Leghemoglobin is usually used as a safety flavor catalyst in plant-based meat. A leghemoglobin gene can be extracted from soybean root lump through fermentation of the Pichia pastoris Bg11 strain yeast, which leads to the production of high concentrations of heme [35]. The yeast used are lysed by mechanical shearing after the fermentation process, the solution containing heme is then separated by centrifugation and microfiltration, and the separated heme concentration is standardized to a final concentration of 6% to 9% soy leghemoglobin protein [11]. The Impossible Burger is designed to obtain a meat texture using representative protein from wheat and potato, coconut oil for meat juice, leghemoglobin to improve the flavor profile to resemble meat, and a colorant with red-colored properties to resemble meat when cooked.

However, there are concerns about the health and envi ronmental influences of the Impossible Burger related to the safety of the genetically modified organisms employed by use of their leghemoglobin in the initial development stage. For this reason, the Impossible Burger is required to be studied in terms of a safety assessment to be accepted by the consumer. Jin et al [36] found no evidence to suggest that food containing soy leghemoglobin protein and minor content from yeast showed any risk of allergenicity or toxicity, and they were quickly digested by pepsin and a pH 2 environment. The safety of leghemoglobin, which provides nutrition, and the flavor and aroma were measured using the bacterial reverse mutation and in vitro chromosome aberration assays relevant to genotoxicity [37]. The leghemoglobin in this study was nonmutagenic and nonclastogenic under these assays. In addition, the administration of leghemoglobin at 750 mg/kg/d in Sprague Dawley rats did not cause mortality and adverse clinical reactions [37].

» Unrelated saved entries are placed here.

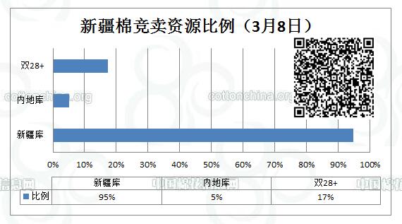 全國(guó)棉花交易市場(chǎng)定于3月8日上市新疆棉競(jìng)賣資源2523.85噸,最低起拍價(jià)9500元/噸。新疆庫(kù)資源占2392.575噸,內(nèi)地庫(kù)資源占131.27噸。其中雙28+資源占438.46噸。
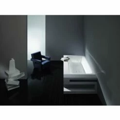 - Generously sized storage area that can also be used as a sit or to accommodate bath rim tap fittings
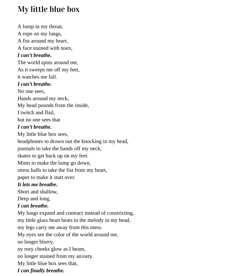 - Second Place Monthly Prompt (Middle School): “My Little Blue Box” by Gurneet Kaur
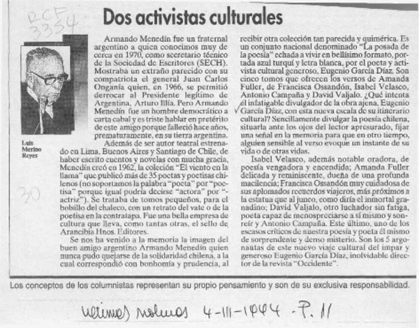 Dos activistas culturales [artículo] Luis Merino Reyes.
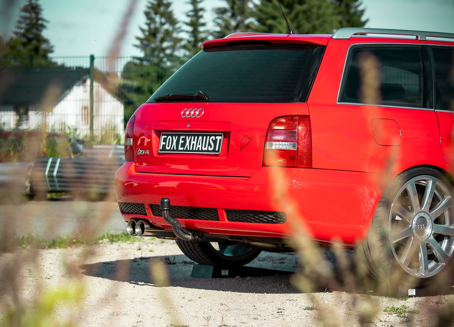 Fox Sportauspuff koncový a středový tlumič včetně Y-adaptéru pro připojení na 76mm downpipe s koncovkou 2x90 Typ 25 dvojitá pro Audi S4 B5 s motorem 2.7
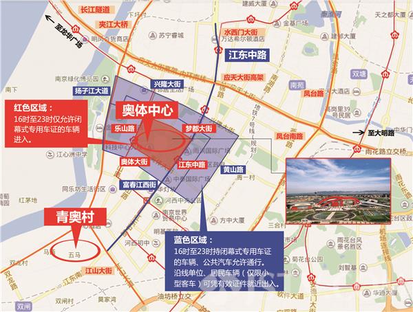 2、8月28日16时至23时,东起黄山路(松花江东街至富春江东街段),南起富春江东街(黄山路至江东中路段)、富春江西街,西起扬子江大道(富春江西街至兴隆大街段),北起兴隆大街(扬子江大道至黄山路段)所合围区域(以上路段均不含本道路),以及江东中路(水西门大街至梦都大街段、奥体大街至江山大街段)、江东南路(江山大街至平良大街段),即图1中蓝色区域,除持有闭幕式专用车证的车辆、公共汽车及执行紧急任务的警车、消防车、救护车、工程救险车外,禁止其他车辆驶入。上述区域内的道路沿线单位、居民车辆(只限小型客车),可凭有效证件就近出入。同时,允许社会车辆在江东中路(集庆门大街至兴隆大街段、富春江西街至江山大街段)、江东南路(江山大街至平良大街段)的沿线交叉路口东西向通行。
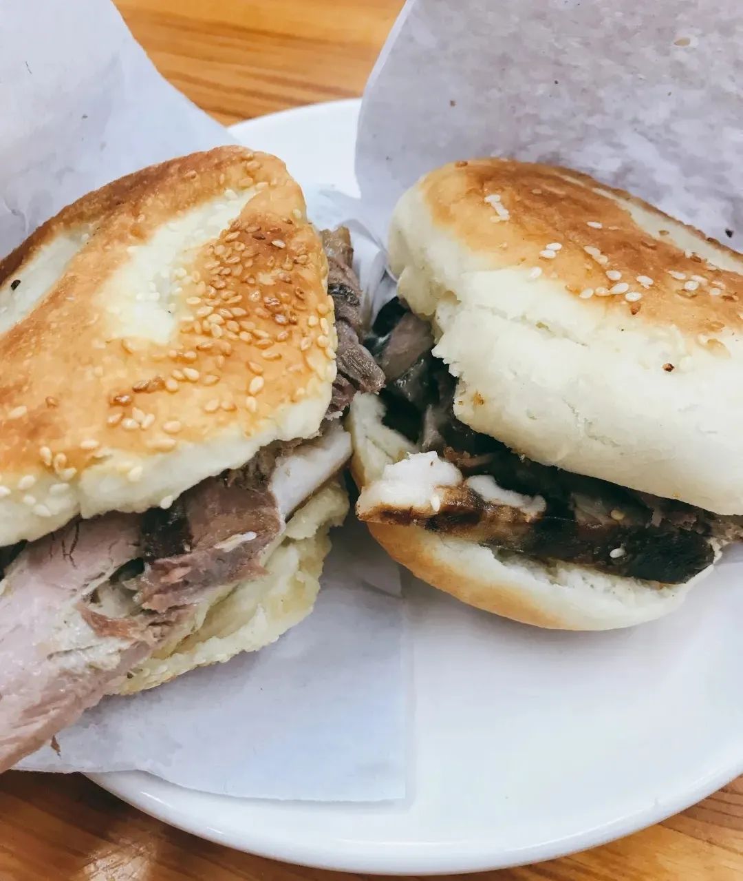 在北京通州,就有一家专门卖烧饼夹肉的老字号——西海子西园烧饼夹肉,开了有40多年,门店主打烧饼夹肘子肉,被人称为“京东一绝”“通州一绝”。

Plant-based meat is generally made to fabricate vegetable ingredients that can be used for flavoring, simulating meat texture and providing nutritional and functional properties. Alternative meat products developed using leghemoglobin extracted from soybean root lump can supply flavor and simulate a texture that is similar to that of conventional meat products [38,39]. Some authors developed the method for producing meat from soybean protein mixtures with excellent nutritional and functional properties and meat-like microfiber structural forms [40], as well as alternative sausage made from concentrated soybean protein, textured vegetable proteins (TVP), and textured soybean protein (TSP) extracted from soybeans, mung beans, red beans and peas [41].

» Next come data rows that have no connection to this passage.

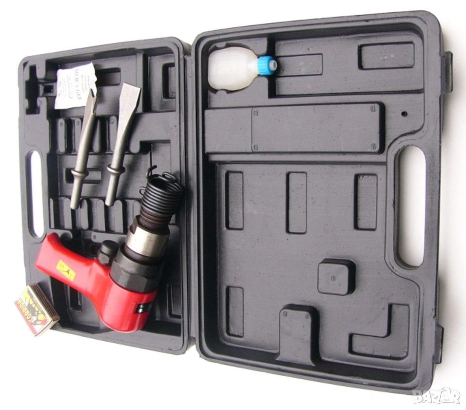 • АРТИКУЛ: Професионален Профилен КУФАР за Комплект Пневматичен Инструмент Къртач с Държачи и Принадлежности Аксесоари Секачи Длета Чукове Пробои и др.; (Pistol Grip Air HAMMER Kit Blow Molded Tool Case);
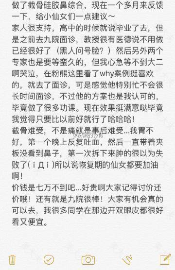 功课量好大啊,还有好多隆鼻医生,没事 我暂时穷 可以多做做 等我攒够了钱 功课也做的差不多了,最好能做成ppt 我就可以安心的把鼻子修复了。
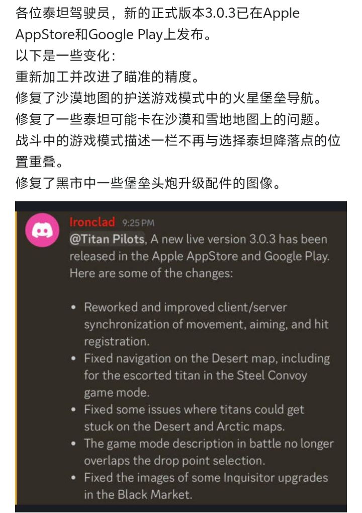 各位泰坦驾驶员,新的正式版本3.0.3已在Apple AppStore和Google Play上发布。
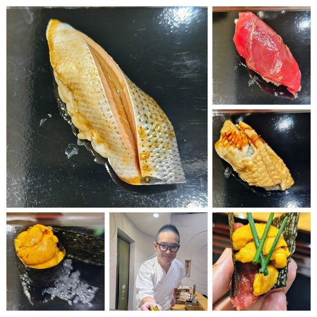 鯛、こはだ、煮蛤、穴子、河豚白子、ウニ
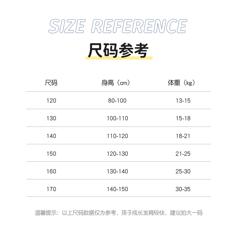 130 (recommended height 100-110cm weight 15-18kg) 140 (recommended height 110-120cm weight 18-21kg) 15
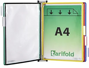5 przezroczystych tablic z kolorowymi plastikowymi ramkami w kolorach czarnym, żółtym, czerwonym, zielonym i niebieskim zapewnia miejsce na najważniejsze dokumenty. Przeglądaj je jak książki i z łatwością znajduj potrzebne dokumenty. Tablice ekspozycyjne są otwarte u góry, dzięki czemu można je szybko i łatwo zapełnić. Szybkie i łatwe mocowanie do ścianyDostarczamy również materiał mocujący do przykręcenia metalowej ramy do ściany. 4 ograniczniki (również zawarte w dostawie) zapewniają optymalny kąt odczytu.

Mycoprotein, which is a fungal protein with a high-pro tein mass through fermentation of fungi, is more nutritious, has a meat-like texture and various functional properties, and is a promising protein source to alternative meat from plants or animals. Previous studies suggest that the intake of mycoprotein can improve the lipid profile, reduce energy intake, and stimulate muscle protein synthesis [42]. Mycoprotein has low cholesterol, a low lipid content in saturated fatty acids, and high polyunsaturated fatty acids [43,44]. Particularly, mycoprotein is a high biological value protein that has high dietary fiber, some minerals such as iron, zinc, selenium, and phosphorus, and vitamins.

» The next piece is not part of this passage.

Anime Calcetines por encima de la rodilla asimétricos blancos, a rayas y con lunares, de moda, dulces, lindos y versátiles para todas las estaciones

Mycoproteins have been produced by numerous strains, such as Rhizopus oryzae, Paradendryphiella salina, Neurospora intermedia, and Aspergillus oryzae, via submerged fermentation, solid-state fermentation, and surface culture [42,45,46]. Submerged fermentation is used to produce mycoprotein biomass from brown giant algae and seaweed waste with the marine fungus Paradendryphiella salina [45,47]. Solid-state fermentation is used to produce mycoprotein through the solid fermentation process from fruit waste (watermelon, cucumber, orange, banana, and pineapple waste) and agricultural waste (brewer-spent grain, grape bagasse, and stale bread) with Aspergillus Niger, Neurospora intermedia, Rhizopus oryzae, Agaricus blazei, Auricularia fuscosuccinea, and Pleurotus albidus [48,49]. The surface culture method is applied to culture various edible fungi strains in pea processed byproducts for mycoprotein production [50,51]. Solid-state fermentation has been widely performed to produce traditional fermented foods in different scale instruments. The difference between submerged fermentation and solid-state fermentation is that a low-moisture solid substrate is used in the latter, while a high-moisture liquid medium is used in the former to cultivate microorganisms [42]. In the production of mycoprotein, glucose, water, and Fusarium venenatum are added into the fermentation tank, and minerals such as calcium, magnesium, and sodium phosphate are added when culturing begins. In addition, air and ammonia are injected to supply oxygen and nitrogen that can produce protein and help respiration, which leads to the production of protein solids after 5 to 6 h. The proteins are produced through the degradation of hexane in protein solids, centrifugation, and the drying process [52]. The Quorn fermentation process involves the following steps: i) fermentation to grow the organism; ii) RNA reduction to meet specifications; iii) centrifugation to separate solids and liquid; and iv) chiller to harvest mycoprotein paste [20]. The mycoprotein obtained from the fungus Fusarium venenatum A3/5 (ATCC PTA-2684) has been used to produce the meat alternative product Quorn [53]. Furthermore, the retentate fraction, which was an unexploited co-product from the Quorn fermentation process, showed an entanglement of mycelial aggregates and filaments that is similar to the microstructure of Quorn products and has a meat-like texture [54,55].

Yeast has been applied to enhance the red color and provide lipids and antioxidants for developing alternative sources [56]. Lipids and carotenoids, which are responsible for imparting a red color and supplying fatty acids appliable to the food industry, are compounds obtained from the Rhodosporidium toruloides yeast using various substrates [56]. Lee et al [57] also found that the use of the oleaginous yeast Rhodosporidium toruloides increased the carotenoid concentration from 1.9 to 2.9 μg/mg and the fatty acid yield from 0.07 to 0.09 mg/mg through the glycerol and succinic acid metabolic pathways.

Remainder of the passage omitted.